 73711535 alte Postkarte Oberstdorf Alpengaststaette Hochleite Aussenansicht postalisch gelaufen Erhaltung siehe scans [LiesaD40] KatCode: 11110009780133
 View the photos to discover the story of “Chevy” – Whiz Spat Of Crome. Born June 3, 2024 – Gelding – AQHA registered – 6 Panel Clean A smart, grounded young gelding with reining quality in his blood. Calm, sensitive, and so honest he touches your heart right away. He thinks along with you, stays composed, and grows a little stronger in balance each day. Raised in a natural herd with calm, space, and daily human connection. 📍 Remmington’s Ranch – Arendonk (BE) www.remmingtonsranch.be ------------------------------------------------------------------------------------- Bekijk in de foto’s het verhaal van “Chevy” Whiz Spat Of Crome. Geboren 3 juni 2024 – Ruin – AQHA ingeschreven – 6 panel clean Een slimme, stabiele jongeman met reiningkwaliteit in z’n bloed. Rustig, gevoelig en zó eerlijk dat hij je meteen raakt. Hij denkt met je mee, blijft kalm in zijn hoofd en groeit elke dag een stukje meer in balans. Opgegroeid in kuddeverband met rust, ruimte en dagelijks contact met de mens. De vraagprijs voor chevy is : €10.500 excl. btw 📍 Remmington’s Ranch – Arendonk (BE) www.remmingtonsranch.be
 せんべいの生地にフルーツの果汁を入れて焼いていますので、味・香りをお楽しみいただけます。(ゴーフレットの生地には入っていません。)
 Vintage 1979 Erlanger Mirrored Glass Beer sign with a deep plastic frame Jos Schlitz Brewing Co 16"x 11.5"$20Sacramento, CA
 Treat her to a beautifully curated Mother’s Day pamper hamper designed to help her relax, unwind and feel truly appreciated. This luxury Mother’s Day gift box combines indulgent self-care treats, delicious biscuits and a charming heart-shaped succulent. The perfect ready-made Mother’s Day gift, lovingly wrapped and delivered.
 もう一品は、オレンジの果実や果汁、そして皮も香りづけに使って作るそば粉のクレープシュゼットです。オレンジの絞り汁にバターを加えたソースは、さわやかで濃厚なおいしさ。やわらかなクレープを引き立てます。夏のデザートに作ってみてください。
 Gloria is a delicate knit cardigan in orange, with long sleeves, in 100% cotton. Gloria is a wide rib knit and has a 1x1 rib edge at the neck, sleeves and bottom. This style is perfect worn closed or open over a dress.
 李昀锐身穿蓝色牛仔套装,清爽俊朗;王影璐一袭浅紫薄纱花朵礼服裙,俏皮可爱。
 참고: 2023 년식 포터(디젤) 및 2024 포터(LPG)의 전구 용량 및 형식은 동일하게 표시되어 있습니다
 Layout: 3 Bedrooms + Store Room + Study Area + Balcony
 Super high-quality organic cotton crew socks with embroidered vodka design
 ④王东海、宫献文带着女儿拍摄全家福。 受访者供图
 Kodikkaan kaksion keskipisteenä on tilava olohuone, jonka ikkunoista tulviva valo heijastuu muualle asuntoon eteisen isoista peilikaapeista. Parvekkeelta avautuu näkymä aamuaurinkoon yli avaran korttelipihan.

● ● ●

**Task requirements**
Through the last line of the entries above, beginning at the line containing "李昀锐身穿蓝色牛仔套装,清爽俊朗;王影璐一袭浅紫薄纱花朵礼服裙,俏皮可爱。", transcribe each line exactly, both ends included and nothing more.

**Exercise output**
 李昀锐身穿蓝色牛仔套装,清爽俊朗;王影璐一袭浅紫薄纱花朵礼服裙,俏皮可爱。
 참고: 2023 년식 포터(디젤) 및 2024 포터(LPG)의 전구 용량 및 형식은 동일하게 표시되어 있습니다
 Layout: 3 Bedrooms + Store Room + Study Area + Balcony
 Super high-quality organic cotton crew socks with embroidered vodka design
 ④王东海、宫献文带着女儿拍摄全家福。 受访者供图
 Kodikkaan kaksion keskipisteenä on tilava olohuone, jonka ikkunoista tulviva valo heijastuu muualle asuntoon eteisen isoista peilikaapeista. Parvekkeelta avautuu näkymä aamuaurinkoon yli avaran korttelipihan.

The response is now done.